▶ [Task to complete]:
Copy out exactly, from the entries that follow, the line holding "学院谋划构建有组织的科研合作", the line holding "o Inflamación indolora", and all lines between them, but no pictures.

▶ [Exercise data]:
- Opening Delimiter -
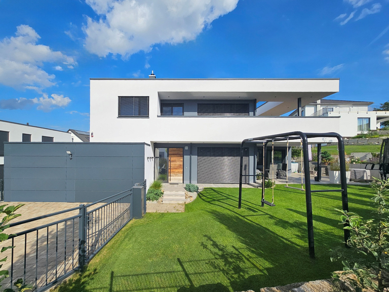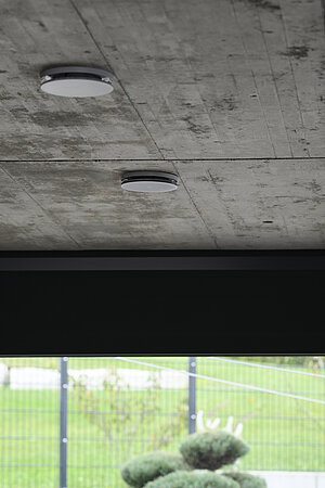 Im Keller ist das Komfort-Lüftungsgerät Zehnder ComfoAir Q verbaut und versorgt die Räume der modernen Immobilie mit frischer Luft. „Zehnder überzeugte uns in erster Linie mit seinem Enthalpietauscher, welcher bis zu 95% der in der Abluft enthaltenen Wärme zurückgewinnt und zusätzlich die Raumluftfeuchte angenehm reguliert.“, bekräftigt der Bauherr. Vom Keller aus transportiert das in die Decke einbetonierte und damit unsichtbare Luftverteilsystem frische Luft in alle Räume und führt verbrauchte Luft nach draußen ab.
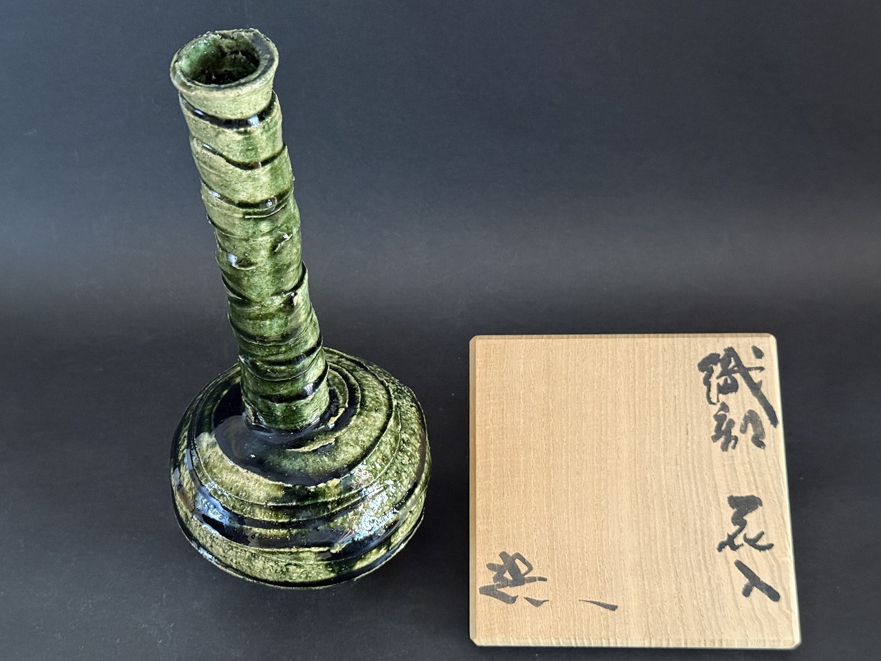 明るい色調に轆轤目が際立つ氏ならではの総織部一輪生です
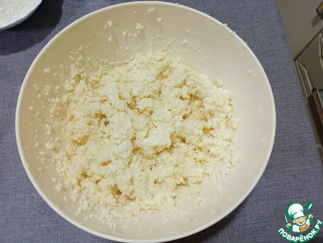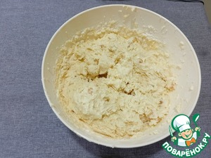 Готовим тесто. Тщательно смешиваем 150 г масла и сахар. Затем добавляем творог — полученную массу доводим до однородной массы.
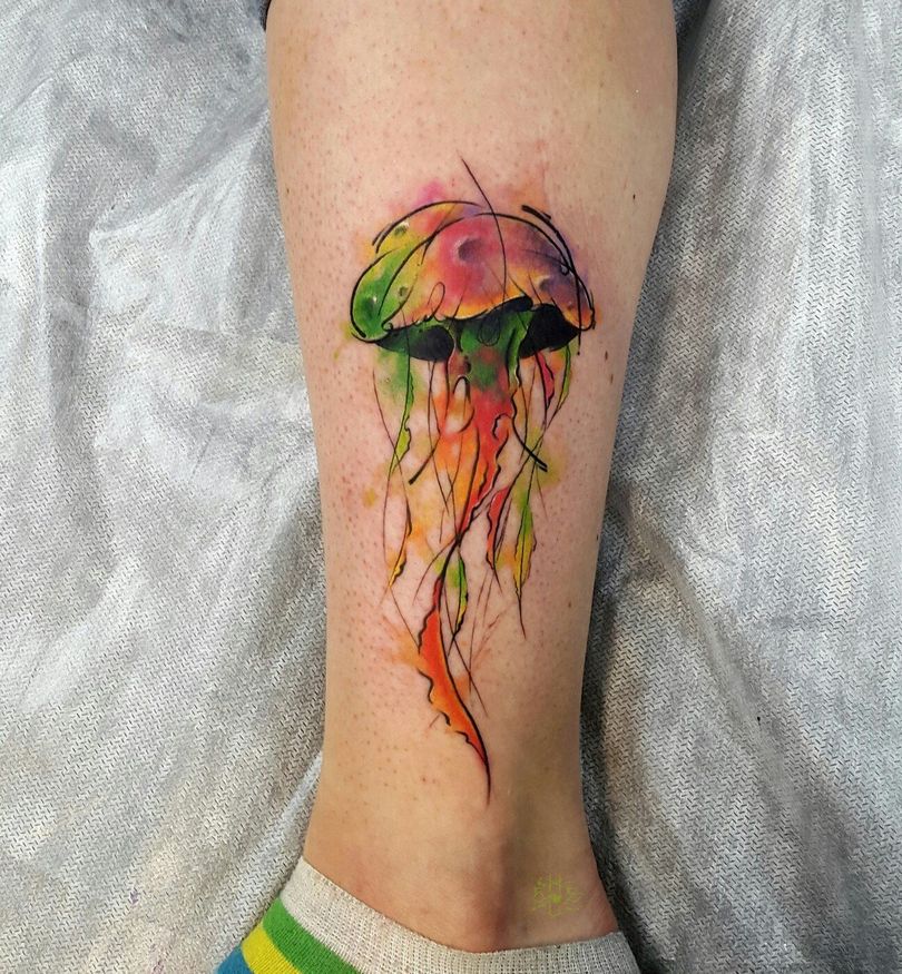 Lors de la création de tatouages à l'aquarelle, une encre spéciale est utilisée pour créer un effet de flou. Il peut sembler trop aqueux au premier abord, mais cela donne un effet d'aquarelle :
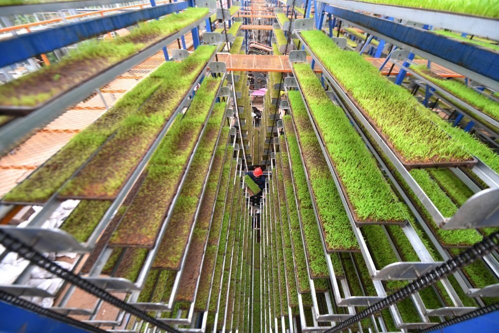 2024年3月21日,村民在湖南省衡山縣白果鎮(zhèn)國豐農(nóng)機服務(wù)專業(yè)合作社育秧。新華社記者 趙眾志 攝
- Closing Delimiter -
- Opening Delimiter -
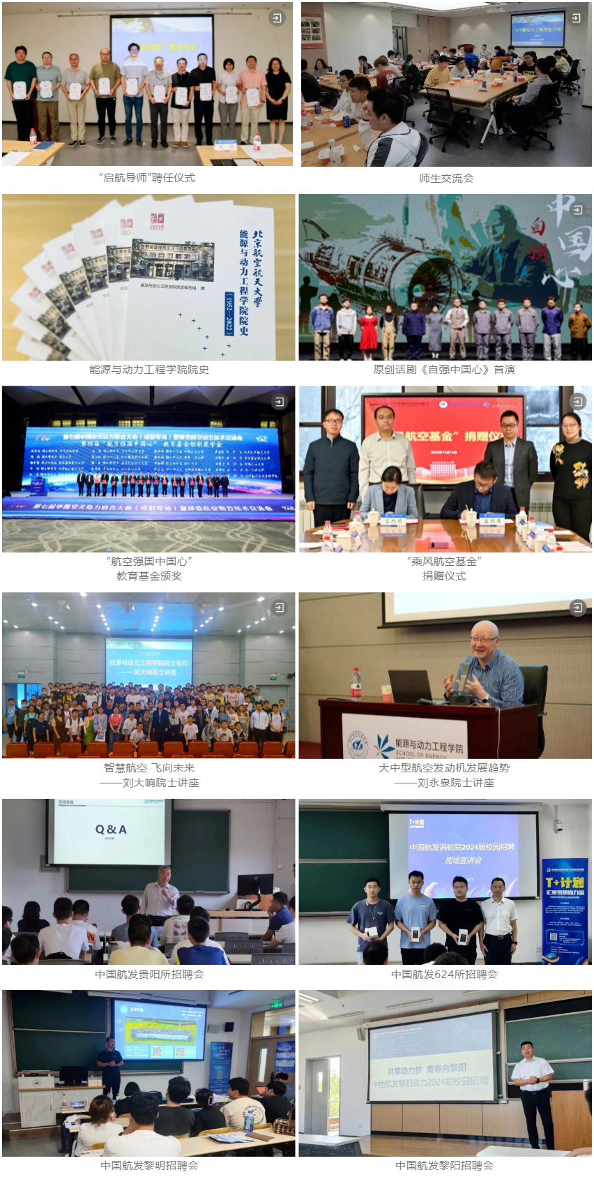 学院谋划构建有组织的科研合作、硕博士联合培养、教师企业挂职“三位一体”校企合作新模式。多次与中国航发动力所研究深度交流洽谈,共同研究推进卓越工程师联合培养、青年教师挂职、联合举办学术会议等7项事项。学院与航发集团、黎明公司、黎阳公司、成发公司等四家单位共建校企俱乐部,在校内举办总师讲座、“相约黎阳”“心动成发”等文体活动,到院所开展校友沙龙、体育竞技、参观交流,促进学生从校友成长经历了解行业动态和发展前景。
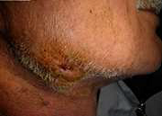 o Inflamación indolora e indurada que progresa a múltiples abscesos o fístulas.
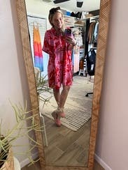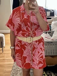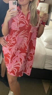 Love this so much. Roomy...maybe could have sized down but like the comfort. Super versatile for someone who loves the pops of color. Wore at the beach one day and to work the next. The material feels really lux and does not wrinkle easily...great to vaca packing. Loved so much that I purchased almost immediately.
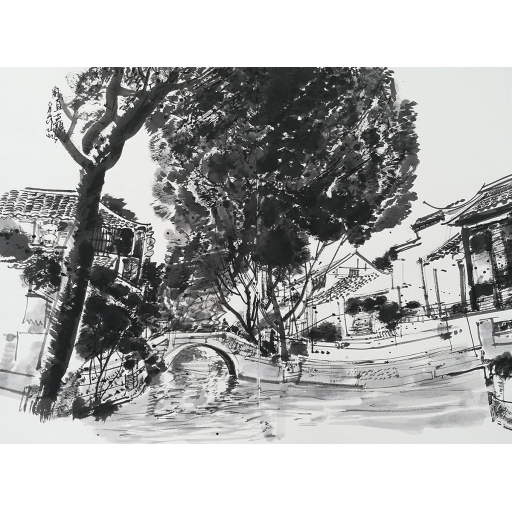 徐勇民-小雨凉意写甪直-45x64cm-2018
- Closing Delimiter -
▶ [Written answer]:
 学院谋划构建有组织的科研合作、硕博士联合培养、教师企业挂职“三位一体”校企合作新模式。多次与中国航发动力所研究深度交流洽谈,共同研究推进卓越工程师联合培养、青年教师挂职、联合举办学术会议等7项事项。学院与航发集团、黎明公司、黎阳公司、成发公司等四家单位共建校企俱乐部,在校内举办总师讲座、“相约黎阳”“心动成发”等文体活动,到院所开展校友沙龙、体育竞技、参观交流,促进学生从校友成长经历了解行业动态和发展前景。
 o Inflamación indolora e indurada que progresa a múltiples abscesos o fístulas.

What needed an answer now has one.